The Irish domain name registry, IE Domain Name Registry Limited (IEDR), has announced that it is proposing to allow for the registration of one and two-character ‘.ie’ domain names. According to IEDR, the proposed release of one and two-character ‘.ie’ domain names will allow for "up to 676 possible two-letter domain name combinations".

However, before the release of these shorter ‘.ie’ domain names, IEDR is running a public consultation period for 30 days, from June 9 2015 until July 9 2015.

During the public consultation period, IEDR is seeking the views and feedback from interested stakeholders, including registrants, registrars, the wider internet community, including representatives from the business community, public authorities and consumer organisations, concerning the proposed introduction of one and two-character ‘.ie’ domain names, as well as the proposed release mechanism for these shorter domain names.

IEDR proposes to release one and two-character domain names for registration in three phases:

  1. the sunrise period;

  2. the landrush period; and

  3. general availability.

The sunrise period will be restricted to trademark holders. In order to participate in the sunrise period, the trademark must be an exact match of the domain name being applied for. Furthermore, participation in the sunrise period is limited to the following registered trademarks:

  • Irish trademarks;

  • European Community trademarks; and

  • international trademarks affording protection in Ireland or those held by a company which shows an Irish registrant address on the trademark database.

In order to be considered eligible for the sunrise period, the trademark must have been registered before July 30 2014.

In the event that there are competing applications for the same domain name submitted during the sunrise period, IEDR proposes to settle such contentions via an auction. IEDR has proposed that the sunrise period should run for a period of 30 days.

The landrush period will be open to all applicants that meet the registration requirements for ‘.ie’ domain names, namely that they can demonstrate a real and substantive connection with Ireland and that they have a legitimate claim to the applied for domain name.

In the event that there are competing applications for the same domain name submitted during the landrush period, IEDR proposes to settle such contentions via an auction.

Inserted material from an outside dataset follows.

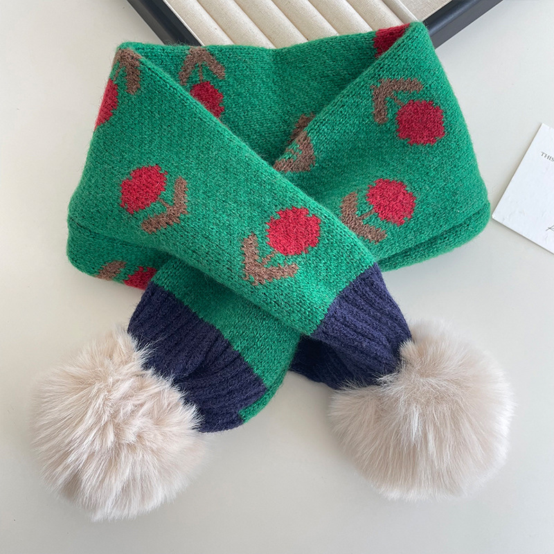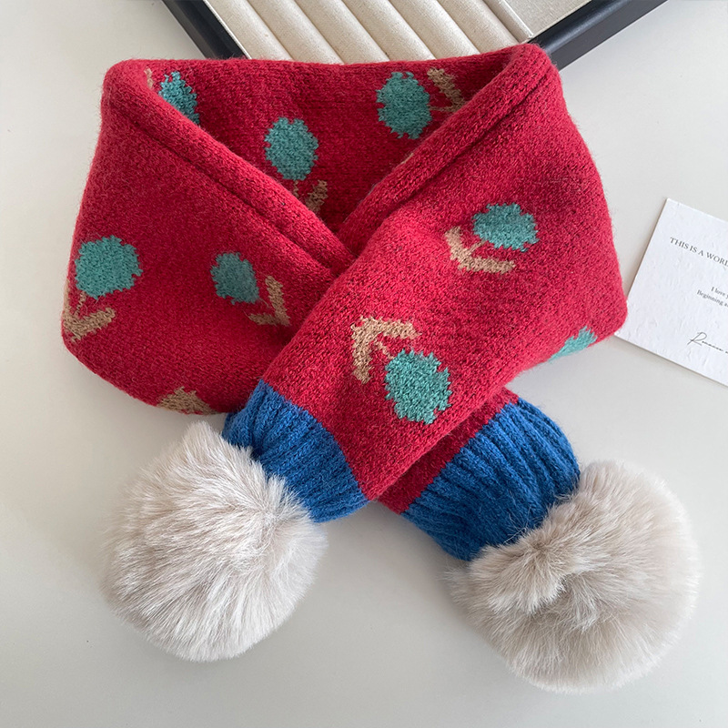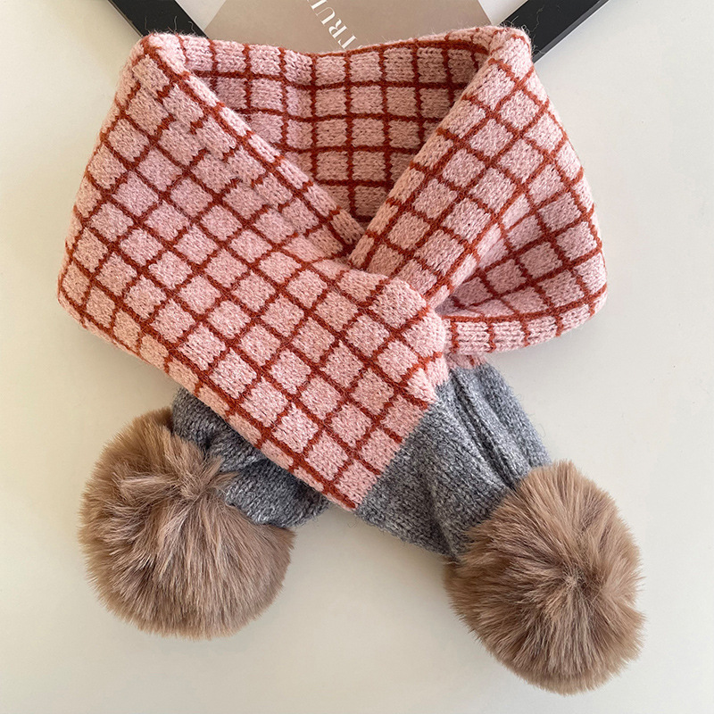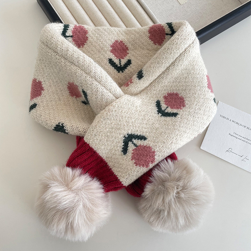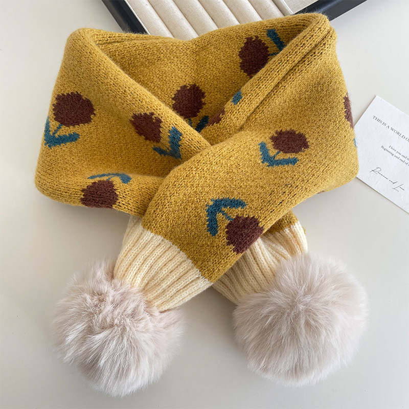 가을과 겨울 아기 모피 십자가 귀여운 따뜻한 스카프 한국 사각형 꽃 두꺼운 어린이 방풍 목 스카프

IEDR has proposed that the landrush period should run for a period of 30 days and will start after the completion of the sunrise period. Although not stated, it is assumed that completion of the sunrise period means that landrush will begin after all the sunrise applications have been processed and domain names have been assigned to the applicants.

General availability will start upon the completion of the landrush period. Applications made during general availability will be dealt with on a first-come, first-served basis. All applicants will need to meet the registration requirements for ‘.ie’ domain names, namely that they can demonstrate a real and substantive connection with Ireland and that they have a legitimate claim to the applied for domain name.

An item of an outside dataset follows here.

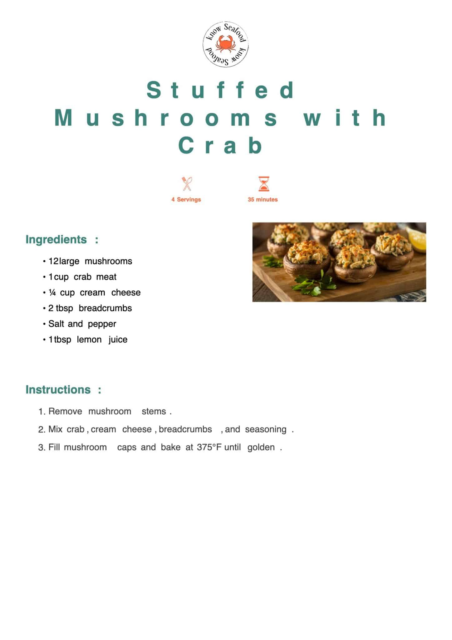 Large mushroom caps filled with creamy crab mixture and baked until golden and bubbly on top, letting the mushrooms add earthy flavor to the sweet crab meat.

Once the consultation period has ended, IEDR will publish its findings and summarise the intended course of action in relation to the proposed release of one and two-character ‘.ie’ domain names.

The availability of two-character domain names across ccTLDs is becoming commonplace and includes ‘.de’ (Germany), ‘.eu’ (European Union), ‘.nl’ (Netherlands), ‘.fr’ (France) and ‘.uk’ (United Kingdom).

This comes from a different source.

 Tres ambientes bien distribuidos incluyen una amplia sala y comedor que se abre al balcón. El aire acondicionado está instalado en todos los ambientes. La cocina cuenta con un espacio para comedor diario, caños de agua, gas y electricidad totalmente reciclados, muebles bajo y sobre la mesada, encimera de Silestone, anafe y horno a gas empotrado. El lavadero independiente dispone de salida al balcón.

As such, the release of one and two-character domain names in the ‘.ie’ domain name space would follow this recent trend. Indeed, IEDR CEO David Curtin, commenting on one and two-letter domain names becoming available, said:

Many of our sister national domain registries across Europe and the world have already been through this process; all experienced strong demand, often coupled with an intense bidding process. The UK’s recent experience suggests we can expect similar demand here.